Problem description: Copy, with no pictures, the line that contains "Cheminée électrique design" and each line after it down to the end of the entries below, exactly.
─── The data ───
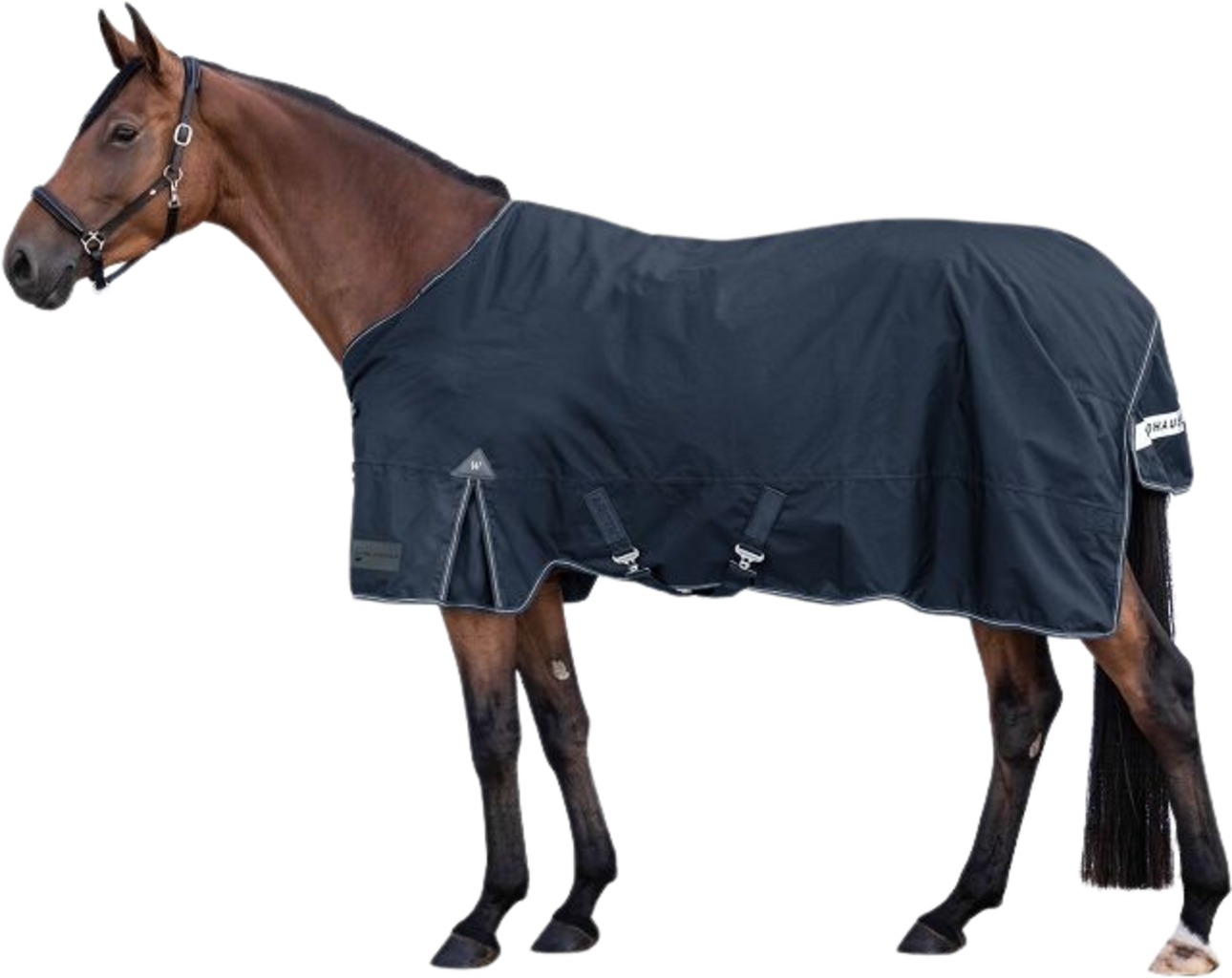 Pour une liberté de mouvement maximale, que ce soit lors du roulage ou de l’alimentation, la couverture dispose de généreux plis d’aisance. La tenue est toujours sûre grâce aux doubles fermetures frontales en T avec rabat velcro et aux solides sursangles croisées, qui empêchent tout glissement. Particulièrement utiles au crépuscule, les détails réfléchissants sur le biais et le rabat de queue améliorent la visibilité.
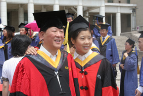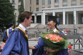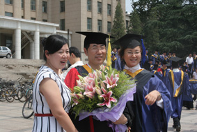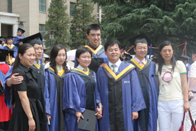 上午11时,参加完毕业典礼的经管学子们来到位于大学主楼前的旗杆下,与辛勤培育他们四年的老师们合影留念。同学们自信雀跃,老师们欣慰祥和。摄影机的背后,众多毕业生的家长不顾烈日炎炎,翘首以待,注视着镜头前的子女,自豪之情溢于言表。
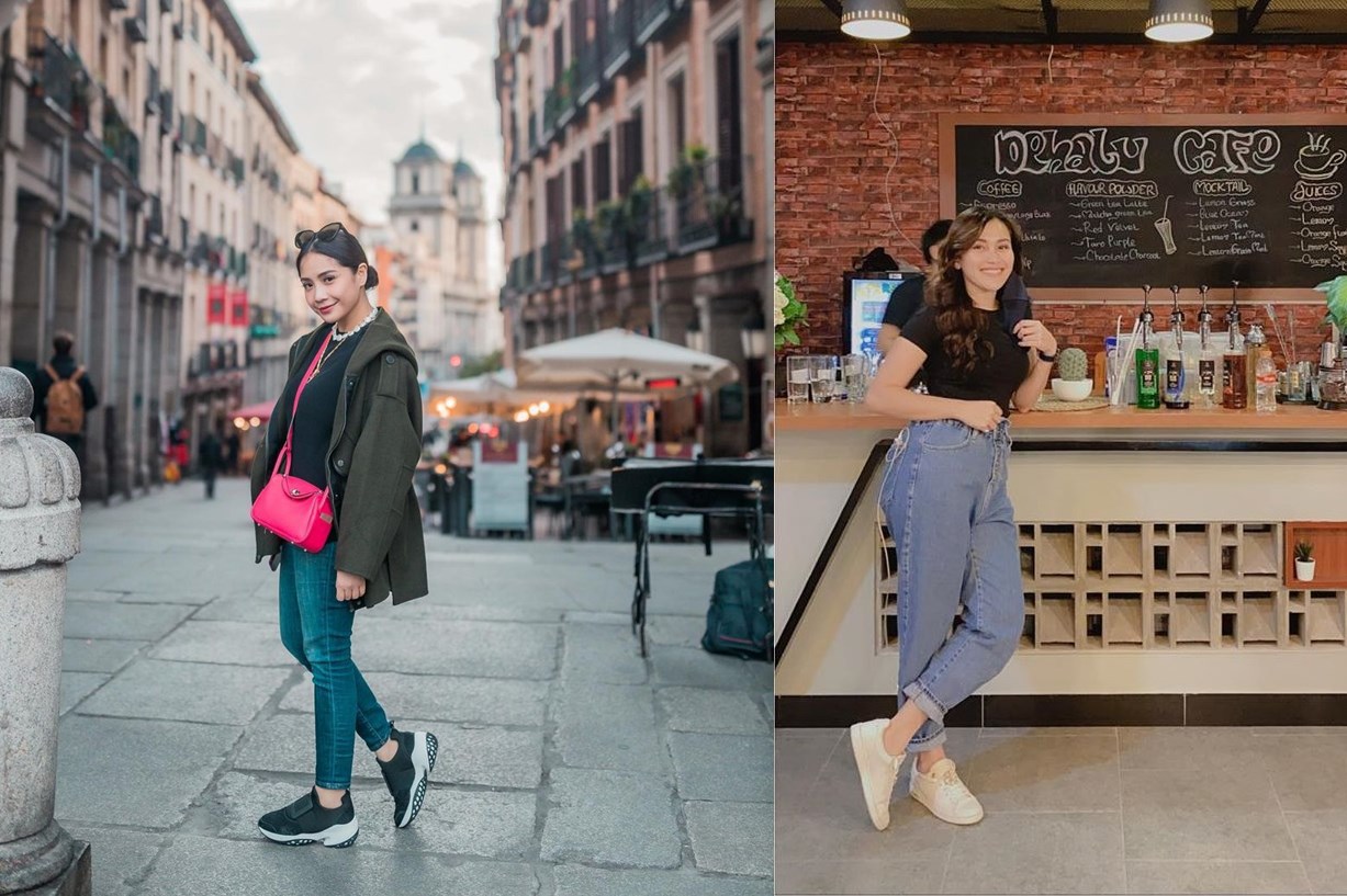 Meski sama-sama mengenakan kaos hitam dipadukan celana jeans, Nagita dan Ayu memiliki gaya berbeda. Nagita memilih sempurnakan gayanya dengan sepatu hitam, sedang Ayu sneakers putih.
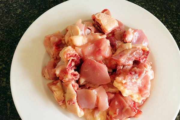 2、雞腿洗幹凈之後切成小塊。
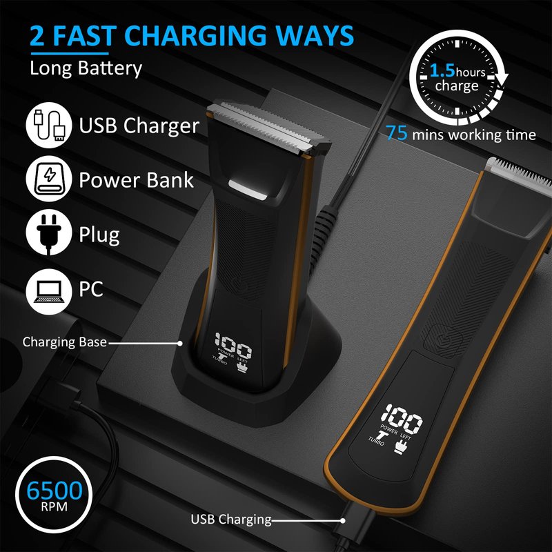 - [USB Fast Charging with LCD Display]1.5 hours charging time and 75 minutes working time. SKERTS rechargeable pubic hair trimmer can be charged not only directly through the shaving machine, but also through the base.The LCD display is designed to facilitate the observation of residual power and timely charging.
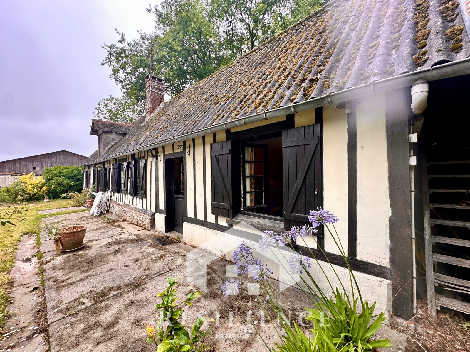 Canouville (76450)À seulement 2h30 de Paris (ou 1h40 depuis la gare Saint-Lazare) et 5 km des plages de Veulettes-sur-Mer, découvrez cette authentique maison normande à colombages pleine de charme, d’environ 80 m², sur un beau terrain arboré de 950 m².
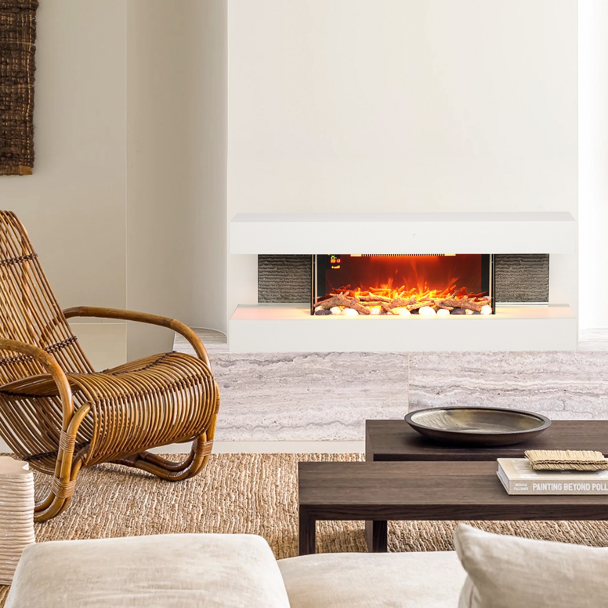 Cheminée électrique design contemporain 2000W effets flammes LED 3D dim. 119L x 30l x 45H cm éléments décoratifs télécommande inclus blanc
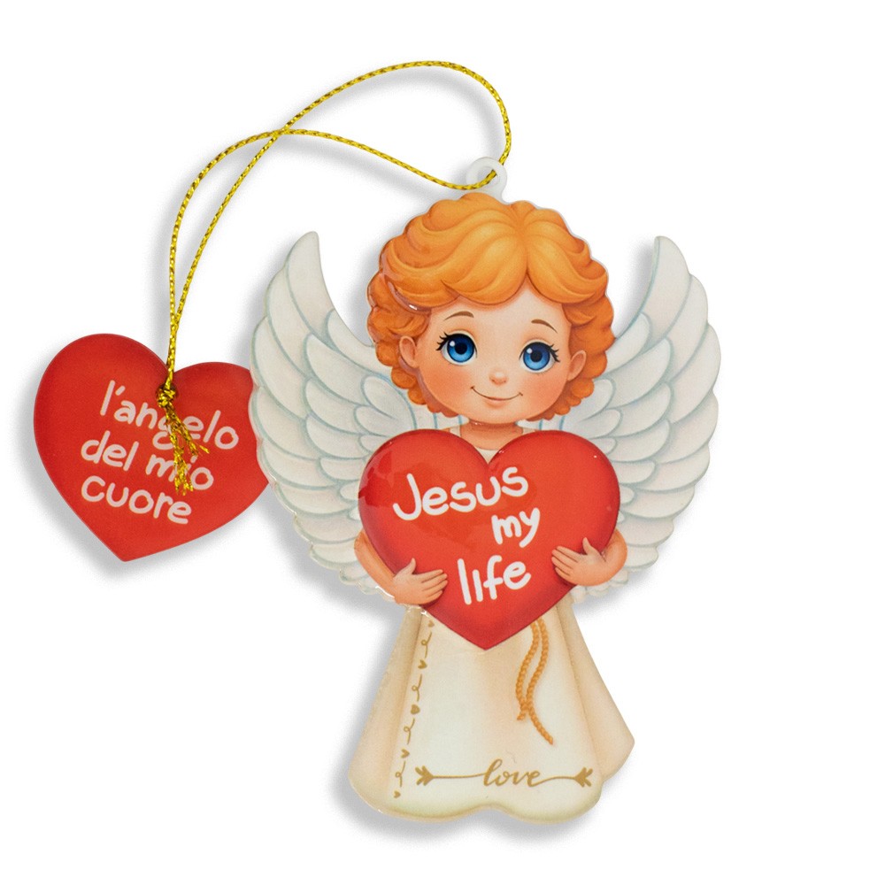 Angioletto magnetico in polimero con cuore tra le mani e dolce scritta “Jesus my life”.
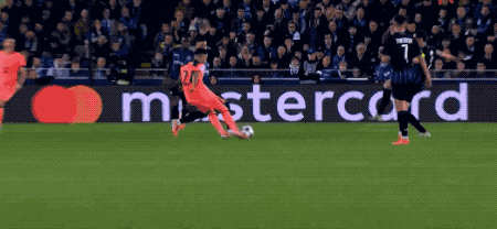 巴薩氣勢如虹,殺得興起,10名球員都壓過半場。第16分鐘,布魯日打出經(jīng)典的快速反擊,從本方禁區(qū)大腳解圍到進球,全部都是一腳傳球。
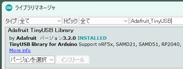 バージョン 3.2.0 を選択しインストールする。やはり、Adafruit関係のほかのライブラリもインストールするかどうかを問われるが、TinyUSBライブラリのみをインストールする。
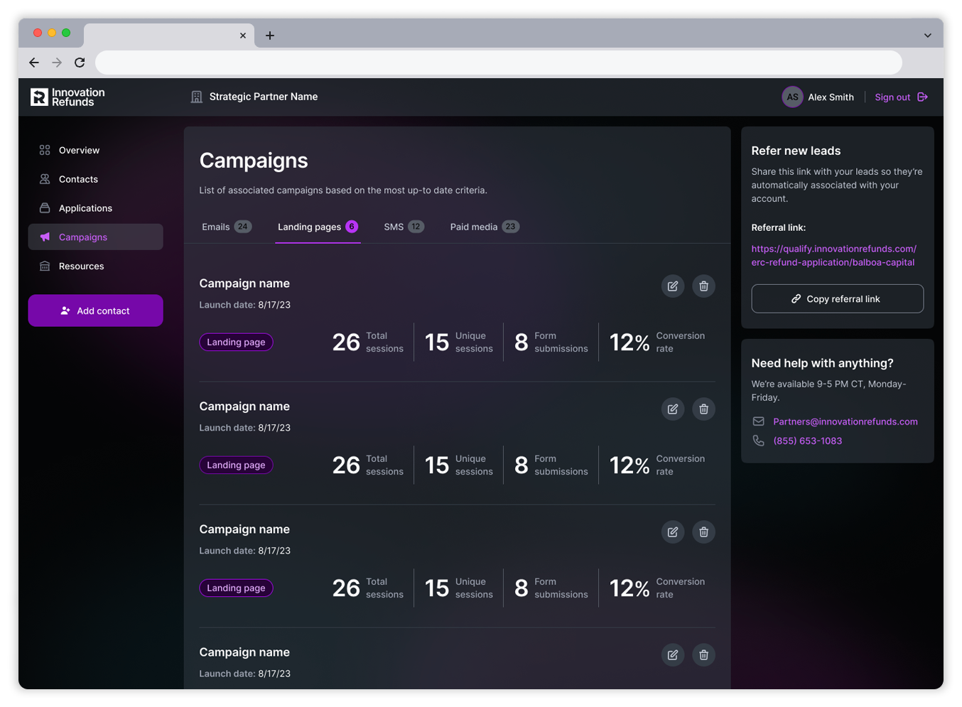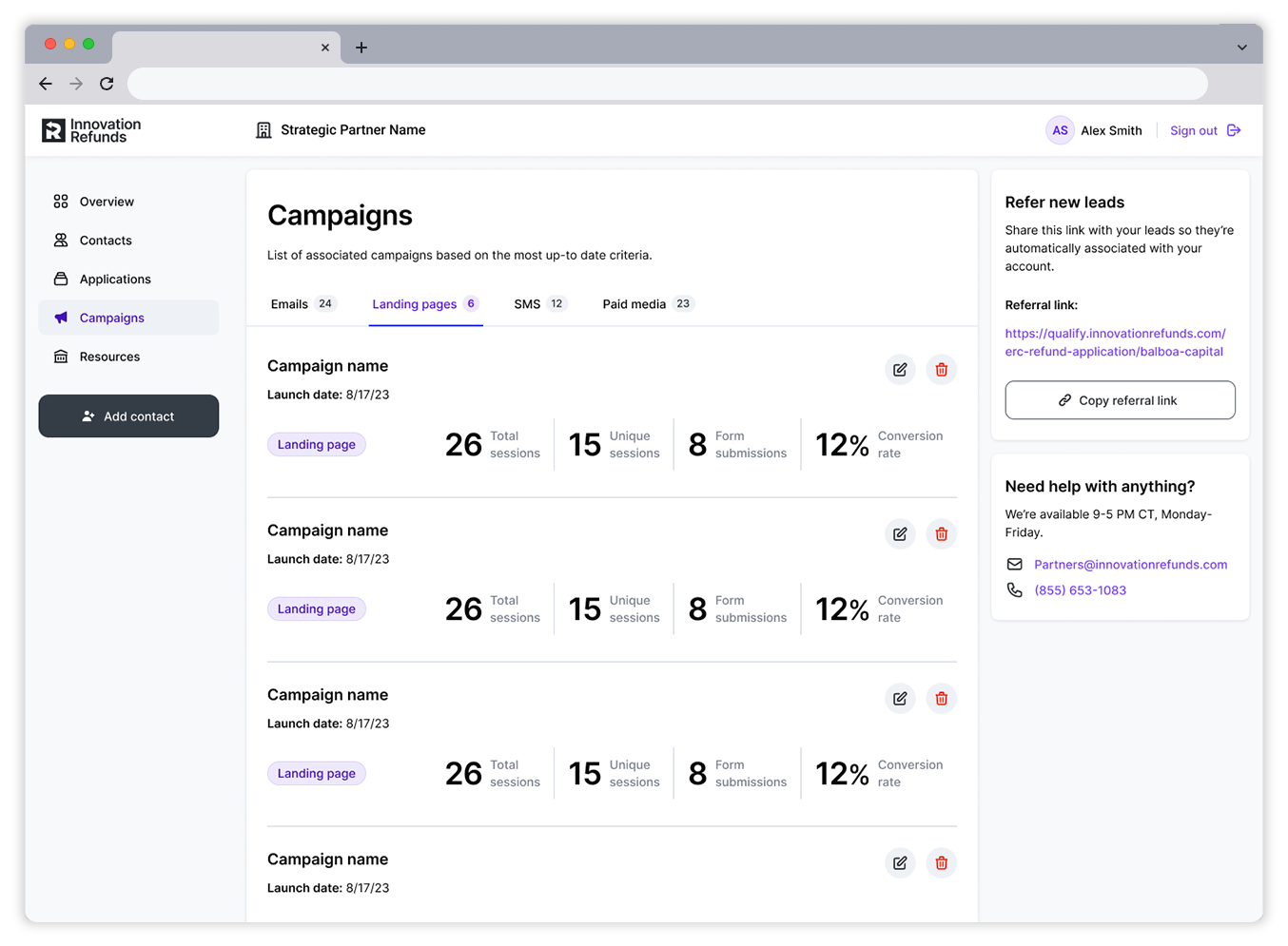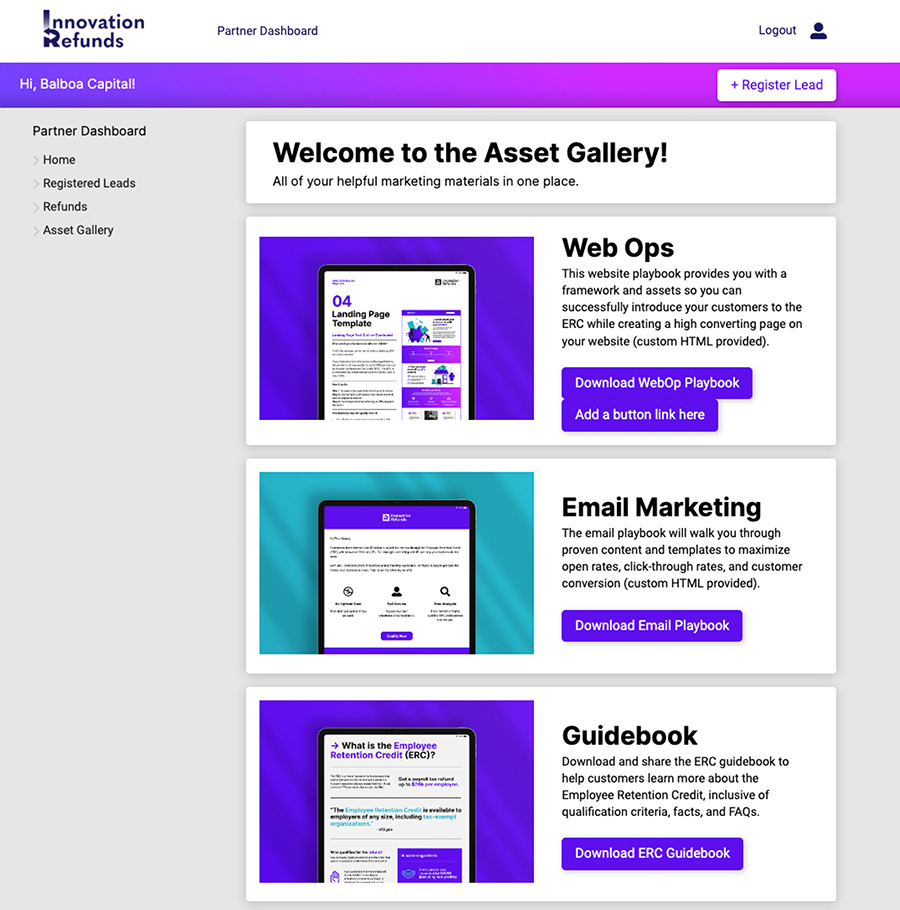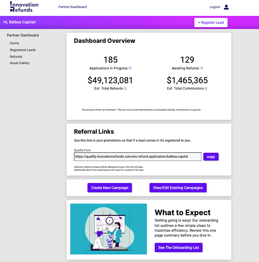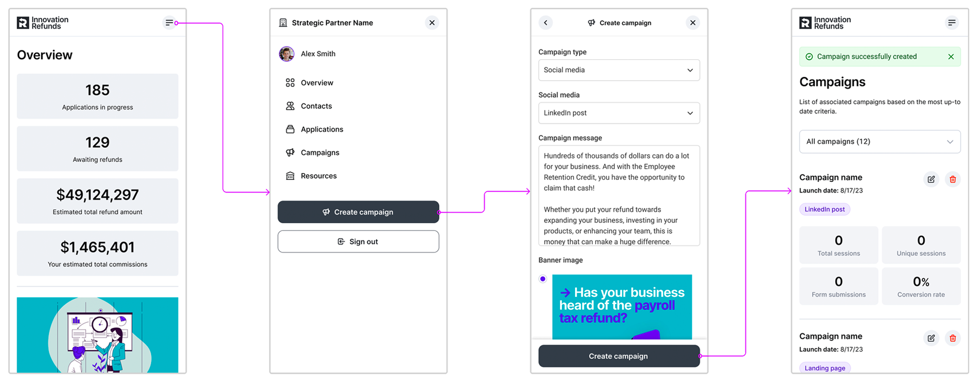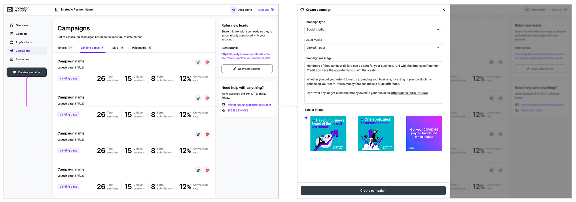 As an affiliate customer, I want the ability to easily create marketing campaigns to promote Innovation Refunds services for providing tax credits so that I can drive customer adoption.
───
Solution to this task:
 Cheminée électrique design contemporain 2000W effets flammes LED 3D dim. 119L x 30l x 45H cm éléments décoratifs télécommande inclus blanc
 Angioletto magnetico in polimero con cuore tra le mani e dolce scritta “Jesus my life”.
 巴薩氣勢如虹,殺得興起,10名球員都壓過半場。第16分鐘,布魯日打出經(jīng)典的快速反擊,從本方禁區(qū)大腳解圍到進球,全部都是一腳傳球。
 バージョン 3.2.0 を選択しインストールする。やはり、Adafruit関係のほかのライブラリもインストールするかどうかを問われるが、TinyUSBライブラリのみをインストールする。
 As an affiliate customer, I want the ability to easily create marketing campaigns to promote Innovation Refunds services for providing tax credits so that I can drive customer adoption.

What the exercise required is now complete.